Good afternoon, and welcome to Vicarious Surgical's third quarter 2023 earnings conference call. My name is Kate, and I will be your operator for today's call. At this time, all participants are in a listen-only mode. We will be facilitating a question and answer session towards the end of today's call. As a reminder, this call is being recorded for replay purposes. I would now like to turn the call over to Kaitlyn Brosco with Vicarious Surgical for a few introductory comments.

Kaitlyn Brosco
Director of Investor Relations, Vicarious Surgical

Thanks, Kate, and thank you all for participating in today's call. Earlier today, Vicarious Surgical released financial results for the three months ended September 30th, 2023. A copy of the press release is available on the company's website. Before we begin, I'd like to remind you that management will make statements during this call that include forward-looking statements within the meaning of the federal securities laws, which are made pursuant to the safe harbor provisions of the Private Securities Litigation Reform Act of 1995. Any statements contained in this call that relate to expectations or predictions of future events, results, or performance are forward-looking statements.

All forward-looking statements, including without limitation, those relating to obtaining approval for the Vicarious Surgical System and timing for any such approval, our operating trends and future financial performance, expense management, market opportunity, and commercialization, are based upon our current estimates and various assumptions. These statements involve material risks and uncertainties that could cause actual results or events to materially differ from those anticipated or implied by these forward-looking statements. Accordingly, you should not place undue reliance on these statements. For a list and description of the risks and uncertainties associated with our business, please refer to the risk factors set forth in our Securities and Exchange Commission filings, including our most recent Form 10-K and Form 10-Q. This conference call contains time-sensitive information and is accurate only as of the live broadcast today, November 13th, 2023.

Vicarious Surgical disclaims any intention or obligation, except as required by law, to update or revise any financial projections or forward-looking statements, whether because of new information, future events, or otherwise.

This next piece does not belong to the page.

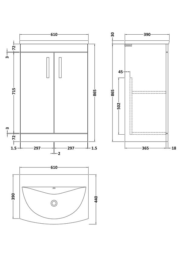 Nuie Athena 600mm Charcoal Black Floor Standing 2 Door Vanity Unit with Curved 1 Tap Hole Basin by Ultra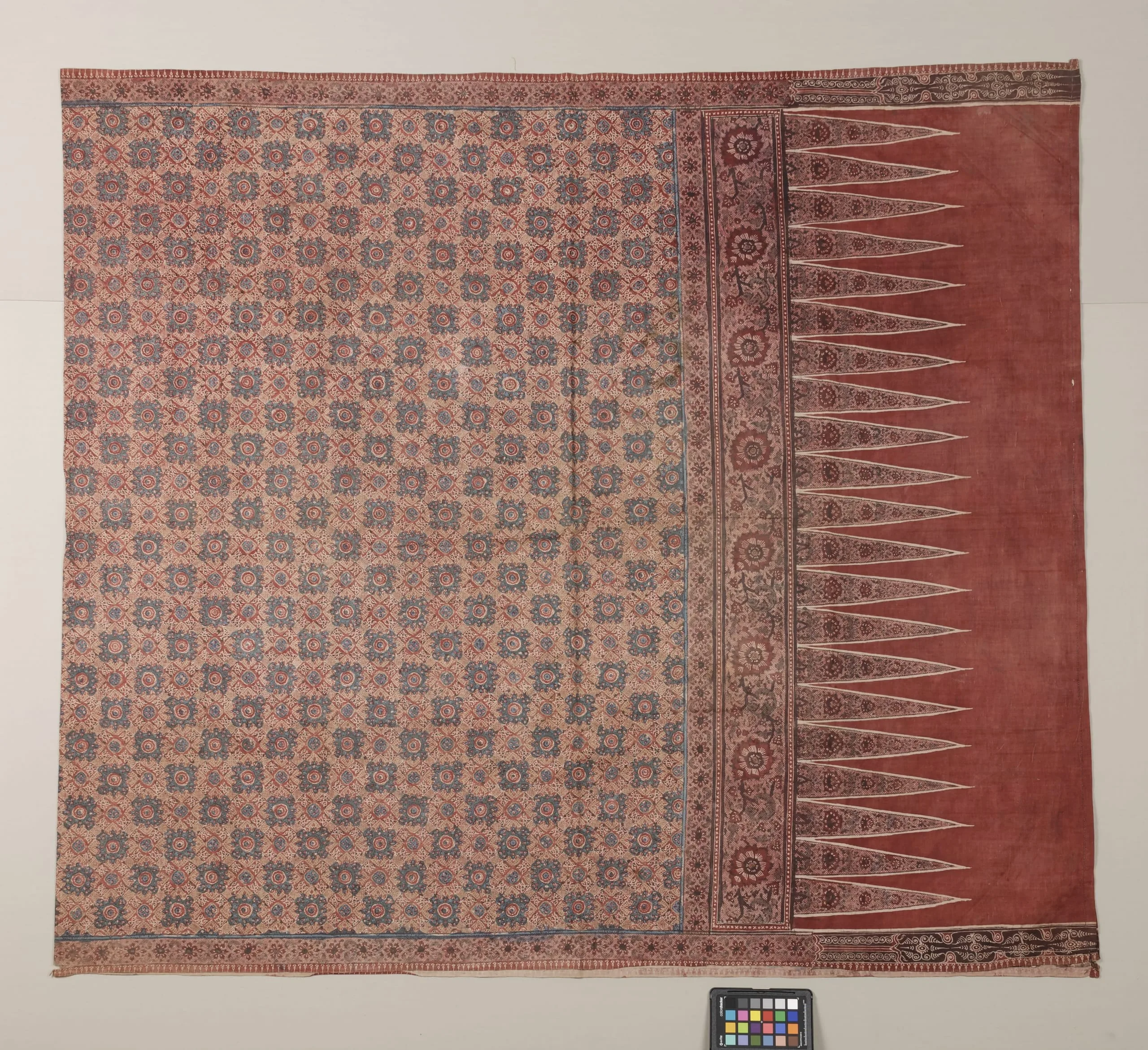 Printed or woven textile with salmon-pink floral lattice field and deep brick red end panel bearing a row of elongated pointed flame shapes with fine white linework

With that, I'll now turn the call over to Adam Sachs, Chief Executive Officer.

Adam Sachs
CEO, Vicarious Surgical

Thanks, Kate, and thank you everyone for joining us. The third quarter brought several successes for our business, but also introduced new challenges. Our successes included the announcement of our fourth hospital system partnership with Intermountain Health, as well as completing a $47 million equity follow-on offering that significantly bolstered our balance sheet and meaningfully extended our cash runway. Further, we were pleased with the significant progress made within the individual V1.0 subsystem builds. Currently, our surgeon console, patient cart, robotic instruments, and camera components are all built and functioning as subsystems. Conversely, we also experienced some setbacks. Challenging market conditions and their resulting pressure on our business drove us to make the difficult decision to once again downsize our team and reduce future plan spending in order to prioritize capital efficiency and better ensure our long-term success.

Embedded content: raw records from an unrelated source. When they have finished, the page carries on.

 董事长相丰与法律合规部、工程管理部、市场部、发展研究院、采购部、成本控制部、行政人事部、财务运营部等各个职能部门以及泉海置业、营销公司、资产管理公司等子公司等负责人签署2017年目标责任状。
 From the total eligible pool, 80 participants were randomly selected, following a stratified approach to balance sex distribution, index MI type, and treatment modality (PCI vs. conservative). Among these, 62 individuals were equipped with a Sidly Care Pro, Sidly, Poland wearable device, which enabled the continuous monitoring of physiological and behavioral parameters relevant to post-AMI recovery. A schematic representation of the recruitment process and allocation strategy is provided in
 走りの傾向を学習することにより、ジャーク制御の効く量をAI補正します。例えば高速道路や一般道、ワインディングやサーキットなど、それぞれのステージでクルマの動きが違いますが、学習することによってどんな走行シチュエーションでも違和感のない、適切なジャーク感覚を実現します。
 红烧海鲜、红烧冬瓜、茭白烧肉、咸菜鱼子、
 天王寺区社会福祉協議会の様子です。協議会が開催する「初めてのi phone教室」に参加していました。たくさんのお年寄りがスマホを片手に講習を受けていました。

Additionally, as we entered the initial system integration process, we identified certain software and hardware components of the V1.0 system that will require additional development efforts in order to ensure system compliance, reliability, and safety ahead of formal verification and validation testing. With the impact of the cost-cutting initiatives, combined with some integration challenges, we predict a 12- 18 month delay in the overall program. We believe this will ultimately push the completion of the V1.0 build and integration to fall of 2024, and our De Novo submission to early to mid-2026. Developing a surgical robot is complex and capital intensive. It involves building multiple medical devices and integrating them as one to perform precise procedures safely and reliably. But we always have been and remain committed to delivering the best product possible for surgeons and hospitals.

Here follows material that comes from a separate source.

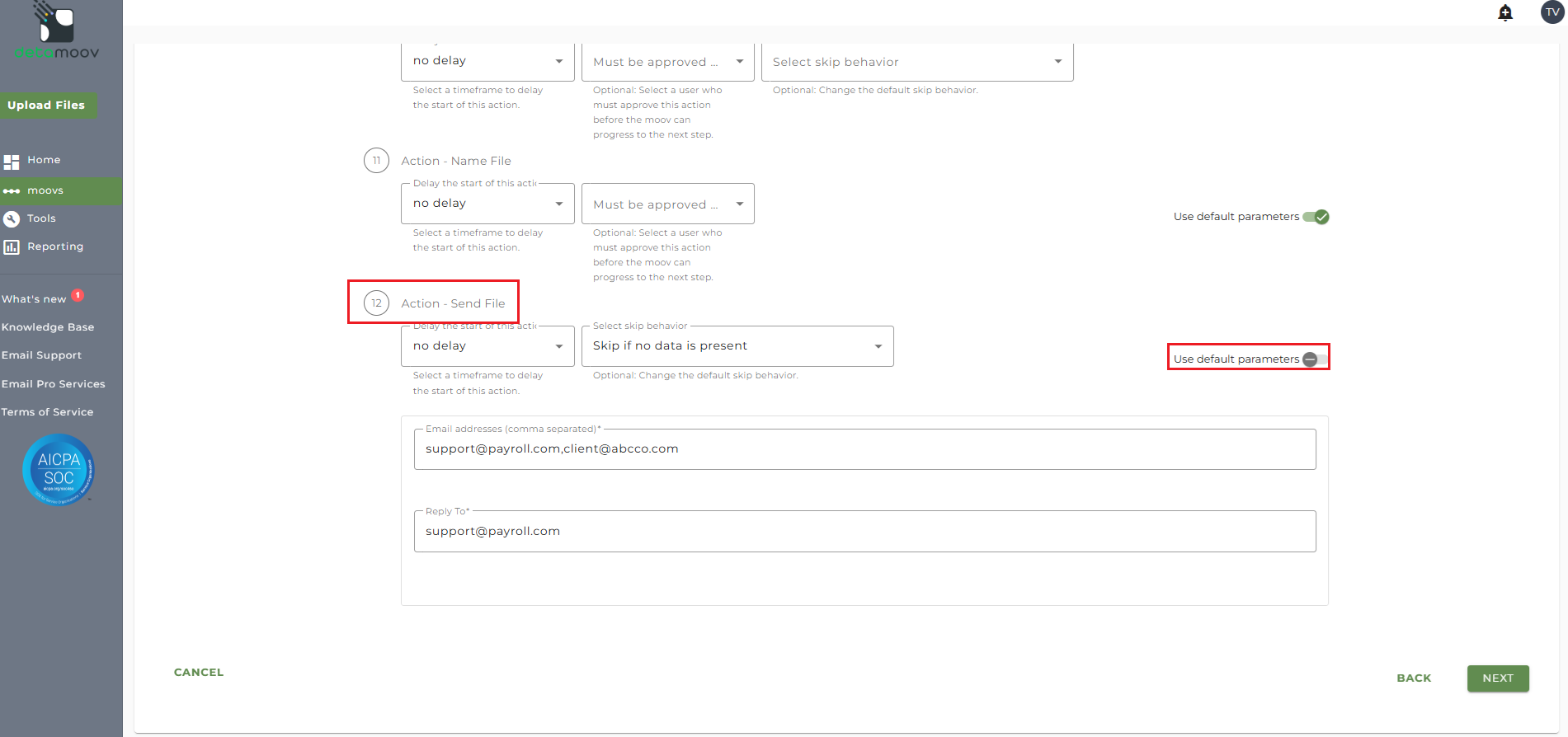 Note: these settings apply to any client configuration you set up for this specific moov. You also have the ability to configure the send file step for each client configuration if you wish to add or remove email addresses per client.

We understand the importance of this announcement and will continue to provide updates as we progress through the integration process and address existing software and hardware challenges. We have a powerfully differentiated technology and a unique opportunity to revolutionize robotic surgery. Over the recent months, we've had the opportunity to attend medical meetings such as the American Hernia Society, as well as our internal hospital partner summits. Throughout these engagements, one common theme emerged: surgeons and hospitals are hungry for a new, truly differentiated surgical platform, and even more importantly, there is strong excitement around the unique Vicarious Surgical offering. Despite our recent challenges, I continue to be enthusiastic about our mission and our potential to improve patient lives. With that, I will now turn the call over to Bill Kelly to review our financial performance.

Bill Kelly
CFO, Vicarious Surgical

Thanks, Adam. Over the course of this year, we have taken the necessary steps to appropriately adjust our costs to better align with the challenging economic conditions we and other similarly staged companies have been and are continuing to experience. That being the case, total operating expenses for the third quarter of 2023 were down slightly at $21.4 million compared to $22.2 million in the third quarter of 2022. General and administrative expenses, as well as sales and marketing expenses, were down year-over-year. G&A expenses in the third quarter were $6.9 million, compared to $8.1 million in the prior year quarter, and sales and marketing expenses were $1.4 million in the third quarter, compared to $1.9 million in the third quarter of 2022.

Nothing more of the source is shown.